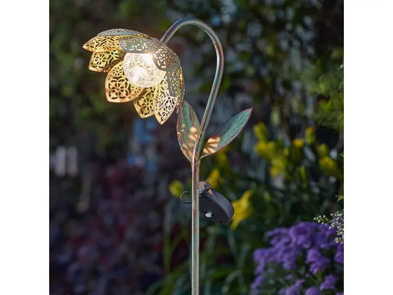Le magnifique motif de lotus crée un motif de silhouette magique la nuit et attire l’œil en plein jour ! La finition verte naturelle est complétée par une structure en broussailles en bronze. Une boule de craquelement blanche de 8 cm de 8 cm qui change de couleur forme le centre central solaire élégant ! Parfait pour les allées de jardin, allées, patios, pots et massifs de fleurs.
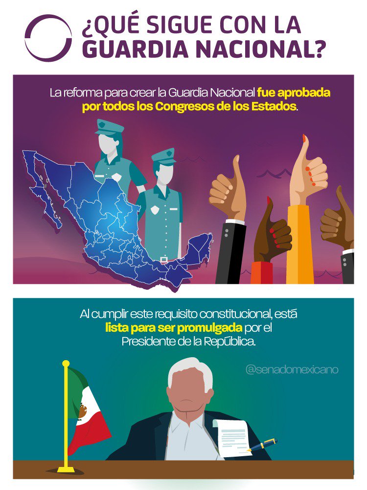 El miércoles pasado, 17 Congresos estatales aprobaron el dictamen para la configuración de la Guardia Nacional. Aunque eran mayoría y no necesitaban esperar al resto de las legislaturas locales, el presidente Andrés Manuel López Obrador sugirió el jueves a los legisladores que la declaratoria se hiciera hasta que todos los Congresos dieran su visto bueno a las reformas.
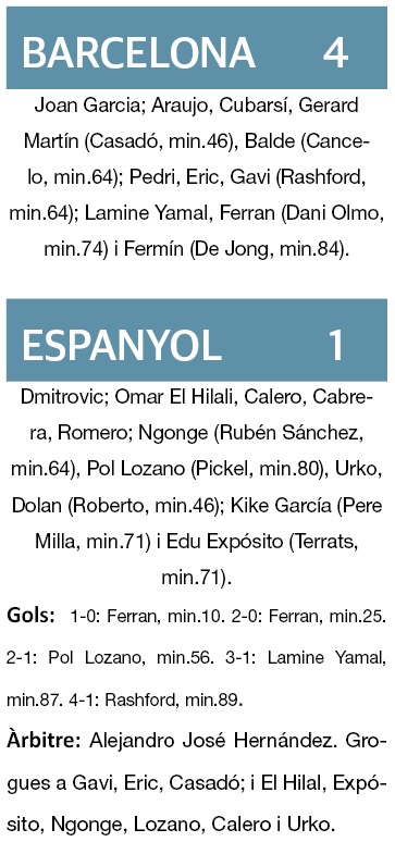 Així, als deu minuts, Ferran Torres rematava de cap en el segon pal un córner sacat per Lamine Yamal per a fer el 1-0 i, un quart d’hora després, els mateixos protagonistes fabricaven el segon. Aquesta vegada, Lamine habilitava amb l’exterior al davanter blaugrana que, sobre la sortida de Dmitrovic, creuava de primeres amb un toc subtil. Un doblet que servia al punta valencià per a assolir les 18 dianes i posar fi una ratxa de catorze partits sense veure porta. En la segona part va sortir Roberto Fernández per l’Espanyol i l’equip de Manolo González va millorar. Pol Lozano feia l’1-2, però el Barça va sentenciar amb gols de Lamine i Rashford.
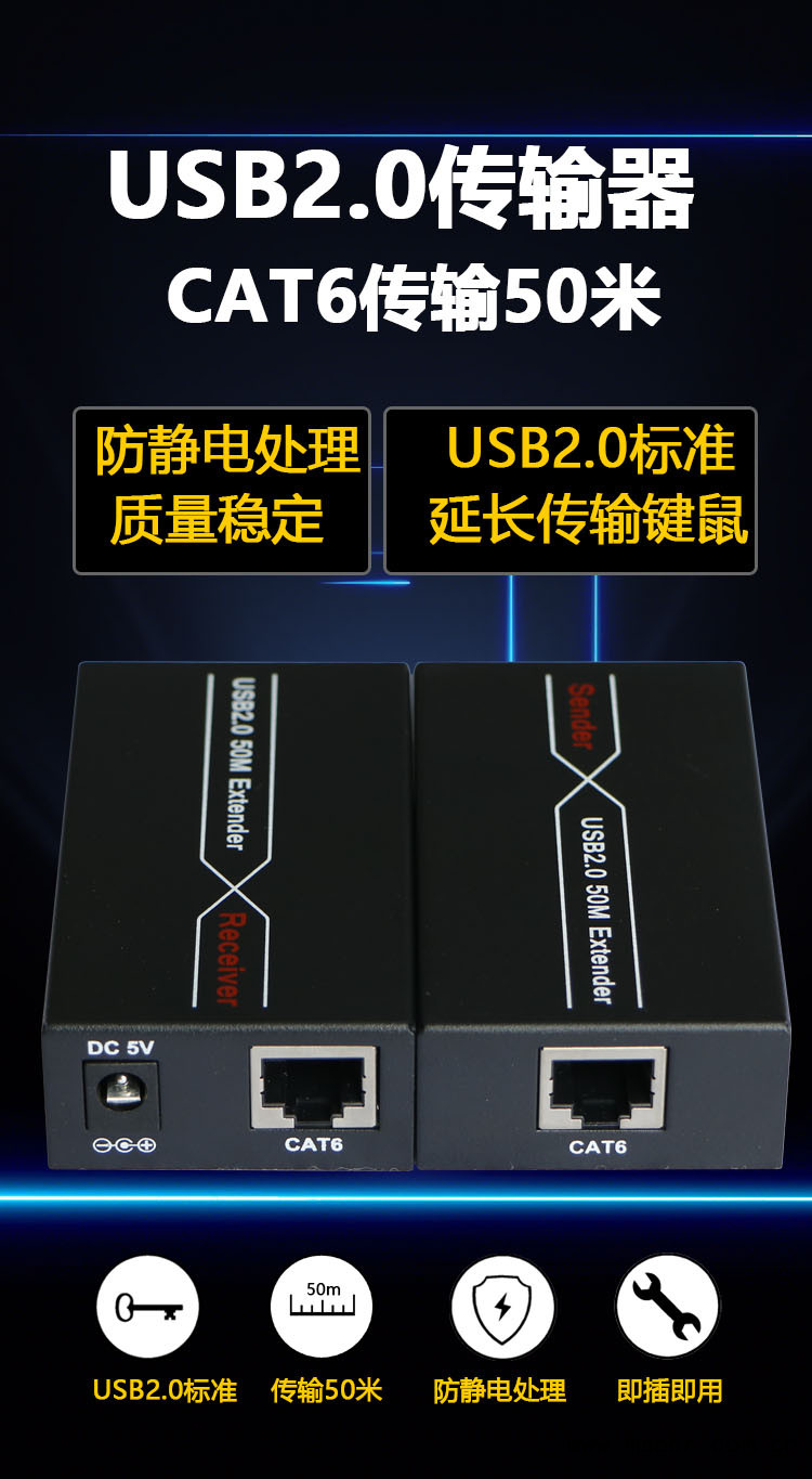 USB2.0延長器包括本地發送端(Transfer)與接收端(Receiver),可以通過單根CAT5/5e/6網線,將電腦的USB信號延長50米。傳輸速率高達480Mbps。該產品廣泛應用于電腦長距離連接打印機、掃描儀、鍵盤、鼠標 和U盤等設備。即插即用,無需驅動和安裝設置。
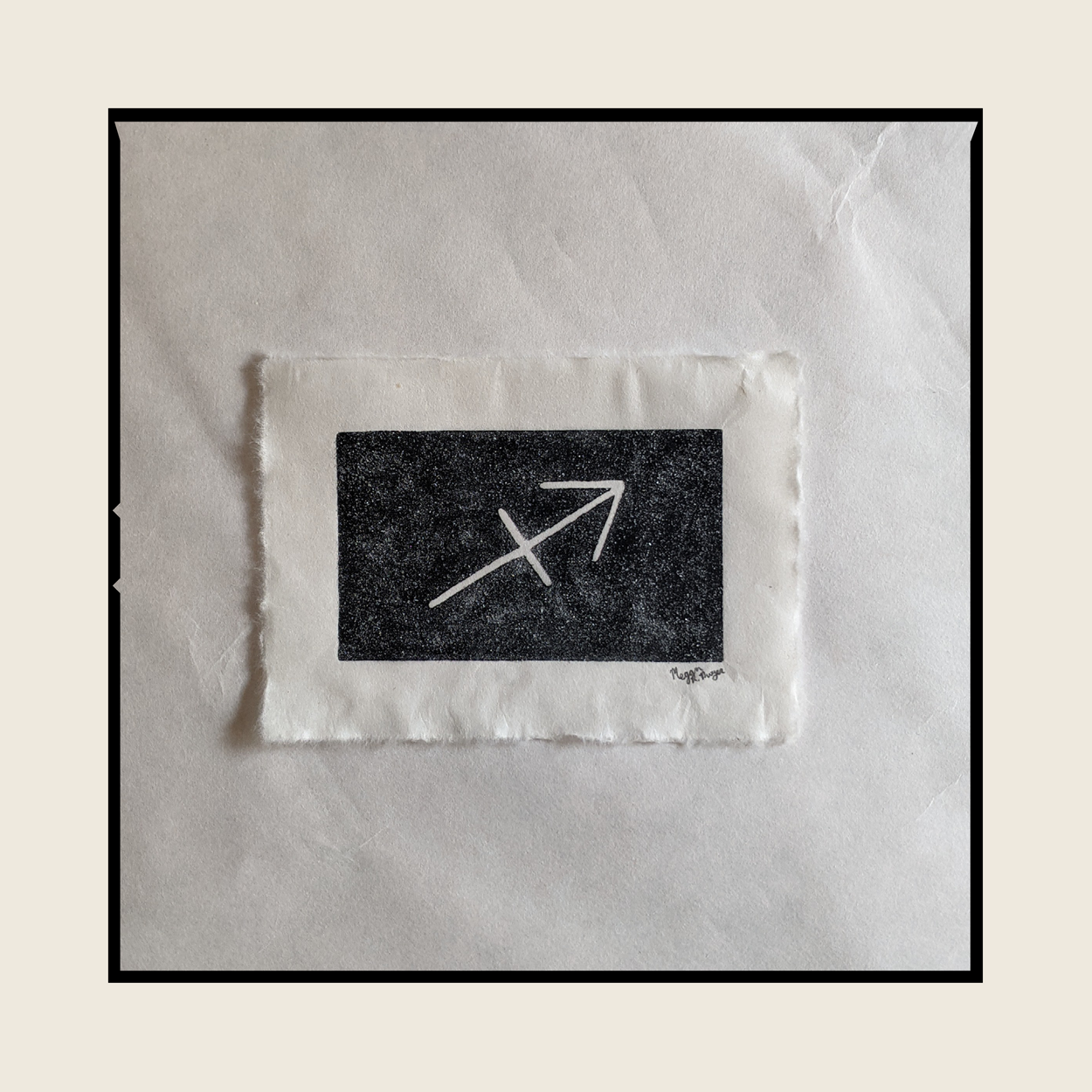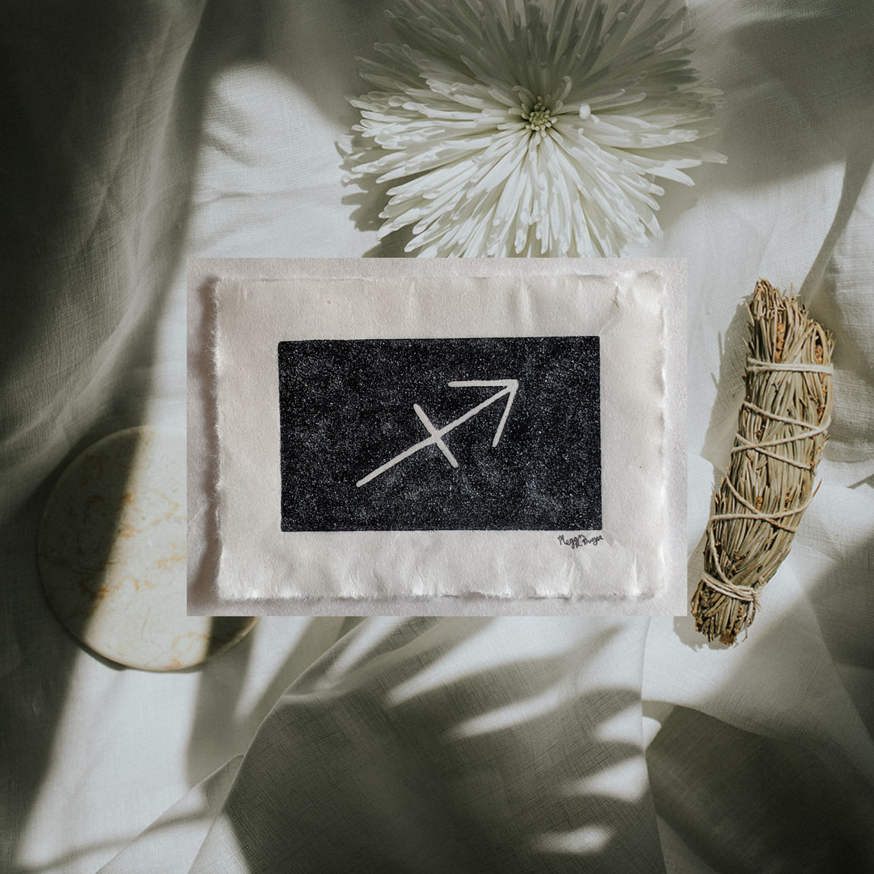 hand-carved + hand-printed woodcut print in black cosmos with genuine crushed moonstone crystals. printed on hand-ripped mulberry + bamboo fiber paper.
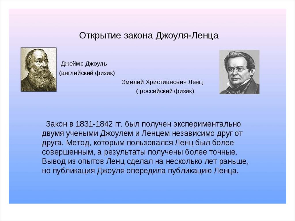 ЗАКОН ДЖОУЛЯ –ЛЕНЦА (1840 г.)Количество теплоты, выделяемое проводником

What you need to do:
Could the material above be given again exactly, pictures excluded?

Answer:
Le magnifique motif de lotus crée un motif de silhouette magique la nuit et attire l’œil en plein jour ! La finition verte naturelle est complétée par une structure en broussailles en bronze. Une boule de craquelement blanche de 8 cm de 8 cm qui change de couleur forme le centre central solaire élégant ! Parfait pour les allées de jardin, allées, patios, pots et massifs de fleurs.
 El miércoles pasado, 17 Congresos estatales aprobaron el dictamen para la configuración de la Guardia Nacional. Aunque eran mayoría y no necesitaban esperar al resto de las legislaturas locales, el presidente Andrés Manuel López Obrador sugirió el jueves a los legisladores que la declaratoria se hiciera hasta que todos los Congresos dieran su visto bueno a las reformas.
 Així, als deu minuts, Ferran Torres rematava de cap en el segon pal un córner sacat per Lamine Yamal per a fer el 1-0 i, un quart d’hora després, els mateixos protagonistes fabricaven el segon. Aquesta vegada, Lamine habilitava amb l’exterior al davanter blaugrana que, sobre la sortida de Dmitrovic, creuava de primeres amb un toc subtil. Un doblet que servia al punta valencià per a assolir les 18 dianes i posar fi una ratxa de catorze partits sense veure porta. En la segona part va sortir Roberto Fernández per l’Espanyol i l’equip de Manolo González va millorar. Pol Lozano feia l’1-2, però el Barça va sentenciar amb gols de Lamine i Rashford.
 USB2.0延長器包括本地發送端(Transfer)與接收端(Receiver),可以通過單根CAT5/5e/6網線,將電腦的USB信號延長50米。傳輸速率高達480Mbps。該產品廣泛應用于電腦長距離連接打印機、掃描儀、鍵盤、鼠標 和U盤等設備。即插即用,無需驅動和安裝設置。
 hand-carved + hand-printed woodcut print in black cosmos with genuine crushed moonstone crystals. printed on hand-ripped mulberry + bamboo fiber paper.
 ЗАКОН ДЖОУЛЯ –ЛЕНЦА (1840 г.)Количество теплоты, выделяемое проводником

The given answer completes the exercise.